» TASK STATEMENT
Starting at the line that contains "Experience urban living" and ending at the line that contains "每日大赛盘点:猛料最少99%的人都误会了,当事人上榜理由极其令人无法自持", the lines below are to be given again exactly, with nothing added.

» DATASET EXCERPTS

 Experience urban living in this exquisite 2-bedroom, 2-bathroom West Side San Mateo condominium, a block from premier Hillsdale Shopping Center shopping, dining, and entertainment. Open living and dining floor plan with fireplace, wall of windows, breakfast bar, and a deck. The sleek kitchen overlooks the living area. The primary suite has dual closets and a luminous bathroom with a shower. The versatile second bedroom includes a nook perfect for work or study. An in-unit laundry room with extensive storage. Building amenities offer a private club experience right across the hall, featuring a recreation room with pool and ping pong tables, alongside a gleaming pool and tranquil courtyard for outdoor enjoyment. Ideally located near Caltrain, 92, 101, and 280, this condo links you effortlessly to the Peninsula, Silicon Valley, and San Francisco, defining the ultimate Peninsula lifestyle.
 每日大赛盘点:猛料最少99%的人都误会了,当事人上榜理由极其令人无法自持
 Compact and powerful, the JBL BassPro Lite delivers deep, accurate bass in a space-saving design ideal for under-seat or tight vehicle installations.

...

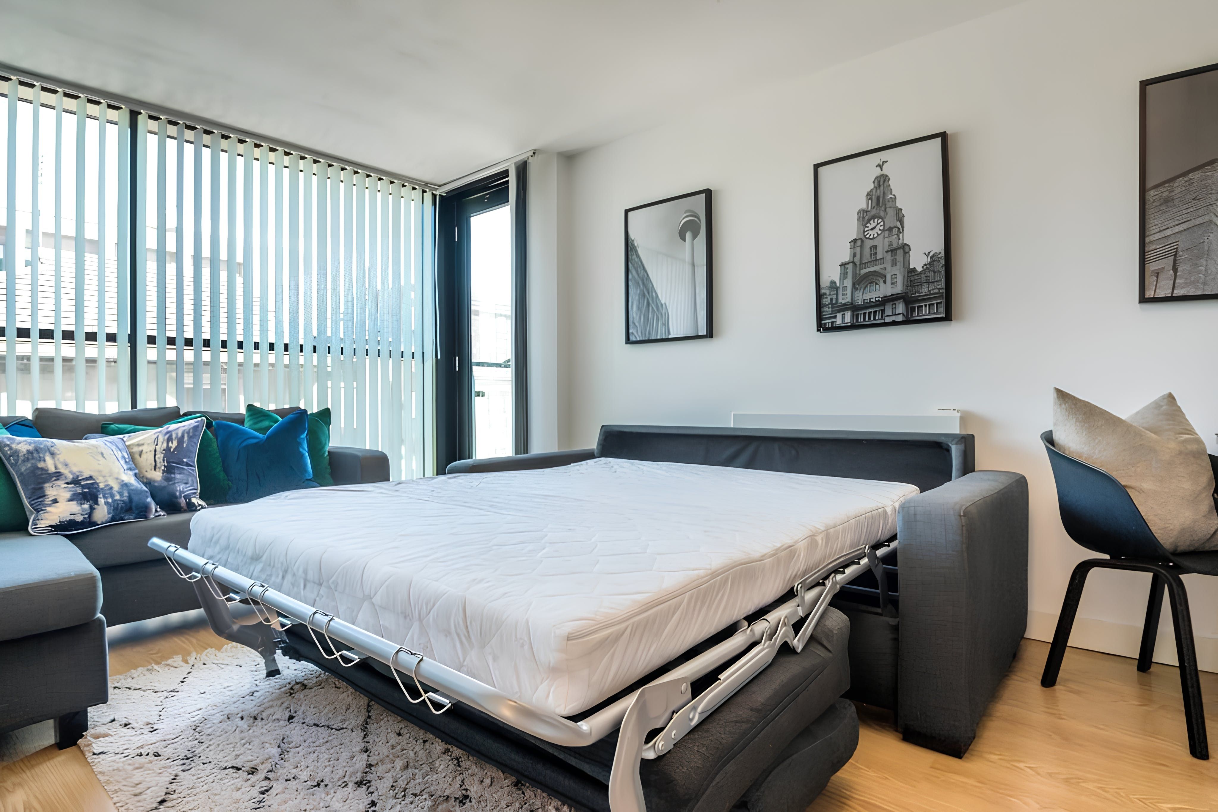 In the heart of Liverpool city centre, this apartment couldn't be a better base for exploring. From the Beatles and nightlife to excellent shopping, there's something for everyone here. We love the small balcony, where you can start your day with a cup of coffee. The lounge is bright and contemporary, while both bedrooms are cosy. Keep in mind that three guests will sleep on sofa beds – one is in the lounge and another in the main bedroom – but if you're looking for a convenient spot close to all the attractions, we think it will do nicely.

» ANSWER BELOW
 Experience urban living in this exquisite 2-bedroom, 2-bathroom West Side San Mateo condominium, a block from premier Hillsdale Shopping Center shopping, dining, and entertainment. Open living and dining floor plan with fireplace, wall of windows, breakfast bar, and a deck. The sleek kitchen overlooks the living area. The primary suite has dual closets and a luminous bathroom with a shower. The versatile second bedroom includes a nook perfect for work or study. An in-unit laundry room with extensive storage. Building amenities offer a private club experience right across the hall, featuring a recreation room with pool and ping pong tables, alongside a gleaming pool and tranquil courtyard for outdoor enjoyment. Ideally located near Caltrain, 92, 101, and 280, this condo links you effortlessly to the Peninsula, Silicon Valley, and San Francisco, defining the ultimate Peninsula lifestyle.
 每日大赛盘点:猛料最少99%的人都误会了,当事人上榜理由极其令人无法自持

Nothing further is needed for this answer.